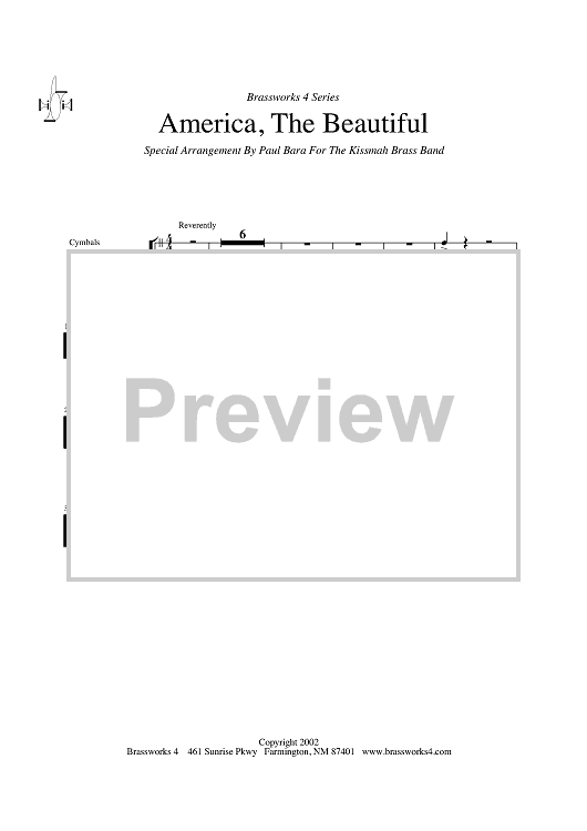 Digital Sheet Music for America, The Beautiful - Cymbals and Field Drum by Samuel A. Ward, Paul Bara scored for Brass Ensemble; id:428609
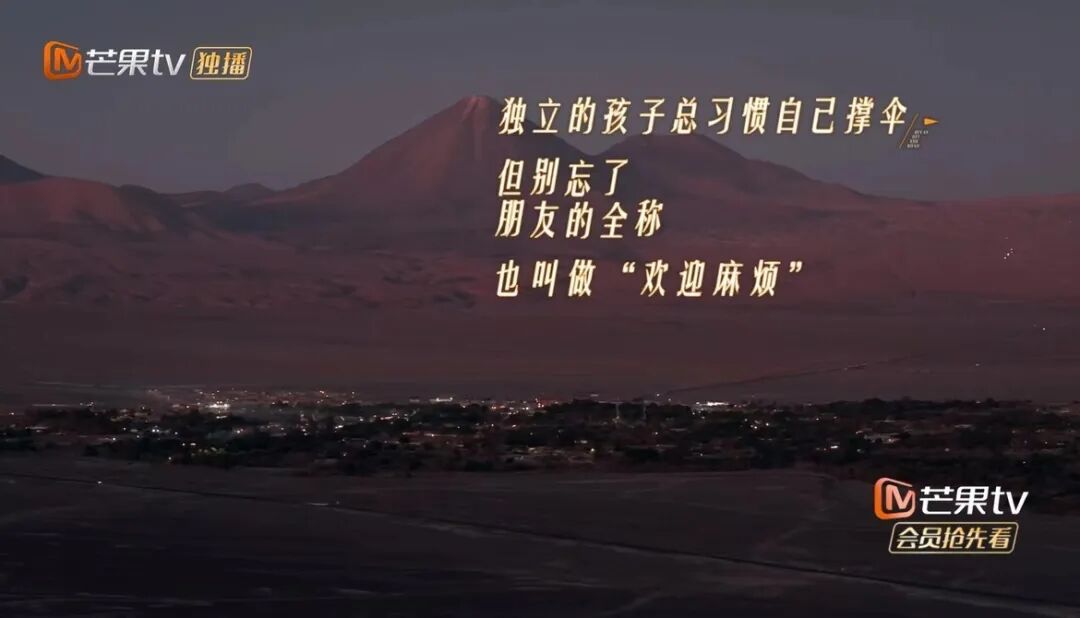 《花儿与少年》的文案总是文笔细腻,句子柔软,抚平观众焦躁的情绪。文案配上画面,给人一种岁月静好的感觉,让人感受到文字的力量,看完被狠狠治愈到。
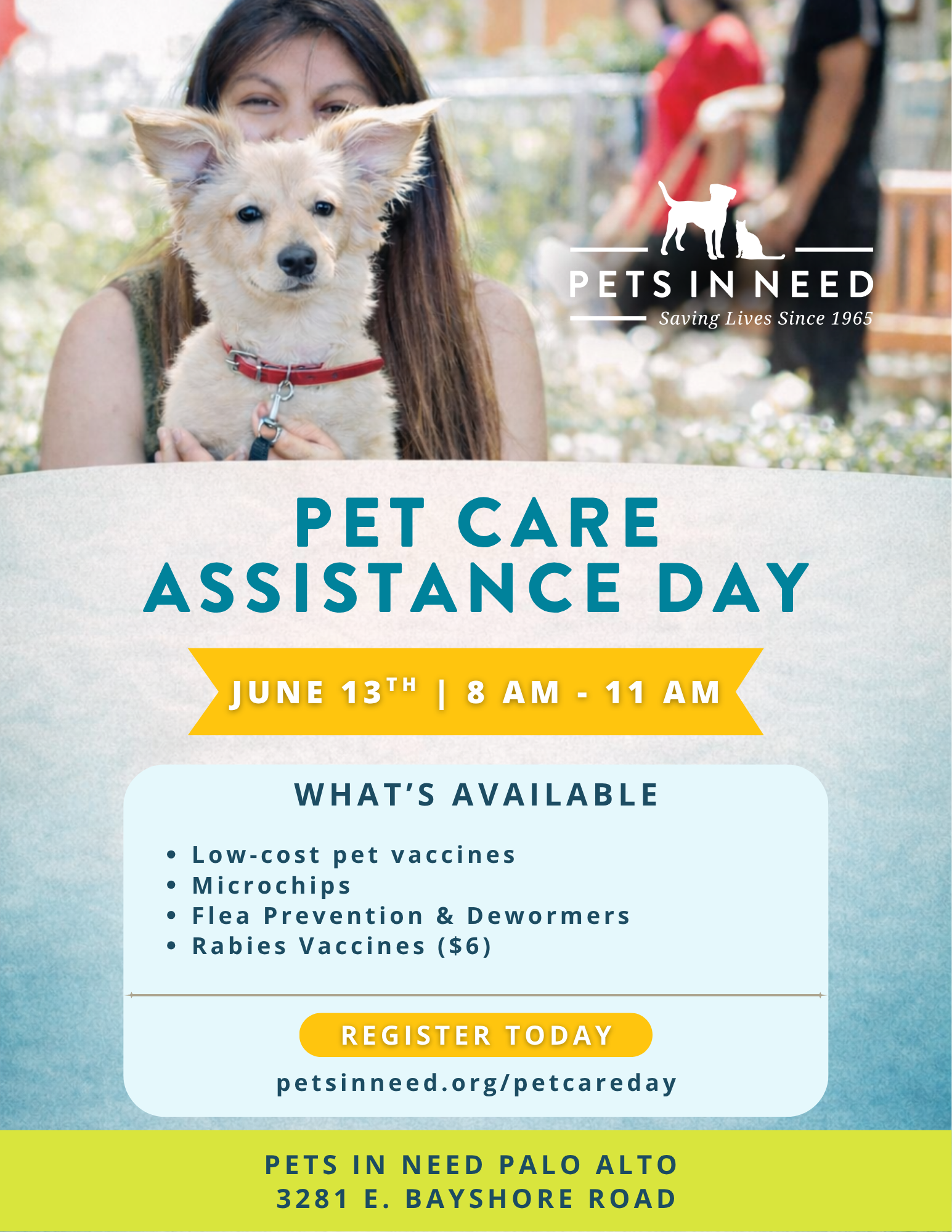 Pets In Need is proud to host our annual Pet Care Assistance Day, a community-focused event offering low-cost vaccines, microchips, flea prevention, dewormers, and pet supplies to local families in need on Saturday, June 13, 2026.

________________________________________

- Exercise details: Once the pictures are set aside, transcribe the remaining lines above exactly.

- Reply to the task:
 Digital Sheet Music for America, The Beautiful - Cymbals and Field Drum by Samuel A. Ward, Paul Bara scored for Brass Ensemble; id:428609
 《花儿与少年》的文案总是文笔细腻,句子柔软,抚平观众焦躁的情绪。文案配上画面,给人一种岁月静好的感觉,让人感受到文字的力量,看完被狠狠治愈到。
 Pets In Need is proud to host our annual Pet Care Assistance Day, a community-focused event offering low-cost vaccines, microchips, flea prevention, dewormers, and pet supplies to local families in need on Saturday, June 13, 2026.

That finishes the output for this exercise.